There was discomfort, an unfamiliarity coiling underneath his own skin because he didn't know why he did what he did.

Yang asked to bring the teams together and whether or not it was his intention, he managed it. The opportunity was given so readily. Yang wrangled the two teams together save for Pyrrha and himself, and since he saw no reason to ask Pyrrha for advice, he dragged her along and suddenly they were all getting friendly. It was just so easy to do that he could have been mistaken for doing it unconsciously, but it didn't matter his intentions.

The results spoke for themselves and… he wasn't unhappy with it either. But it wasn't the budding friendships that occupied his mind – never that – nor was it his admittedly satisfying spar with Yang.

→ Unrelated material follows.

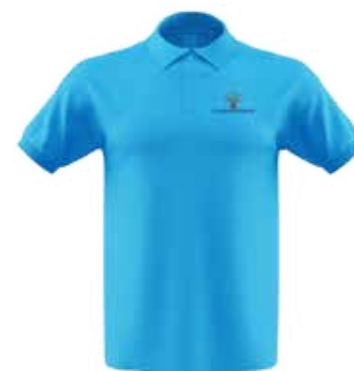
Polo de FUNDAPROMAT Donación mínima: $30 + envío

Something else was there, and it was haunting him, marring footsteps and unsteadying his mind.

Emerald was waiting for him by his dorm room. There was a sharpness to her eyes, laced with what looked like the same uneasiness. Her teeth grit as she approached, a gravitas with every step, and Mercury fully expected her to erupt.

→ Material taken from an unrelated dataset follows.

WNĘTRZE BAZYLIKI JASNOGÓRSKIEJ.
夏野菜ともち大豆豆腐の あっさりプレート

But when she arrived she looked away instead, somehow diffusing herself along the way. There was a redness to her cheeks that he hadn't seen on her before. "What's with you, Merc?"

"Huh? What did I do?"

She looked surprised. "You were staring at me!"

"Was I?" He asked genuinely.

"You were! And now the girls won't shut up about it!" She was embarrassed, still couldn't meet his eyes. She tried to glance but looked away again. "Mercury!"

"W-what!?"

"Why are you smiling!?"

"I am?" He was. And it wasn't the same one that he normally did. It was soft. Unlike him. There was relief too… familiar relief. The kind you don't notice until it's missing.

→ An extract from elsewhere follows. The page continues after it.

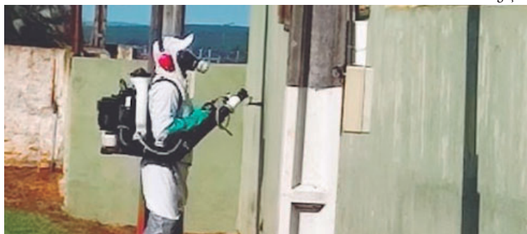
Trabalhos serão realizados das 8h às 13h; em seguida, ação deve seguir para Lupércio

"Ugh! Nevermind!" She stormed off.

He tried to reach for her but pulled back on instinct again. There was a frustration that he knew he should have felt, wanted to have felt even, but there was none of that. That relief – that sense of normality with her – it faded as she left, vanishing into the dark like a retreating tide.

Then a loneliness flooded the senses as the silence of the hallway carried a weight he'd only felt once before in his life.

He felt his heart beat in that overbearing quiet, and with a hand to his chest, felt it beat again against his palm.

[|}.{|]

But Emerald hadn't left. Instead she was staring at him a scant few feet away. She casted an illusion to hide herself.

Her fingers twitched from her already outstretched hand, cowardice pulling it back. She was angry at him, but also embarrassed, confused, lonely and a bevy of other things that either had no name or refused to make itself easy for her to understand.

Because everything she felt right now was new. Because she hadn't had to share him before.

Mercury and Emerald were inseparable when they were pulled out of the indifferent world that let them become what they were. Outside of it was them, together. Even if that relationship came with insults and uncertainty, it had – by some errant miracle – been comforting.

A sensation lost to them as their doors shut behind them. And as their teammates filled their rooms with laughter, drama, and gossip, their world felt indifferent again – ignorant of their fitful sleep.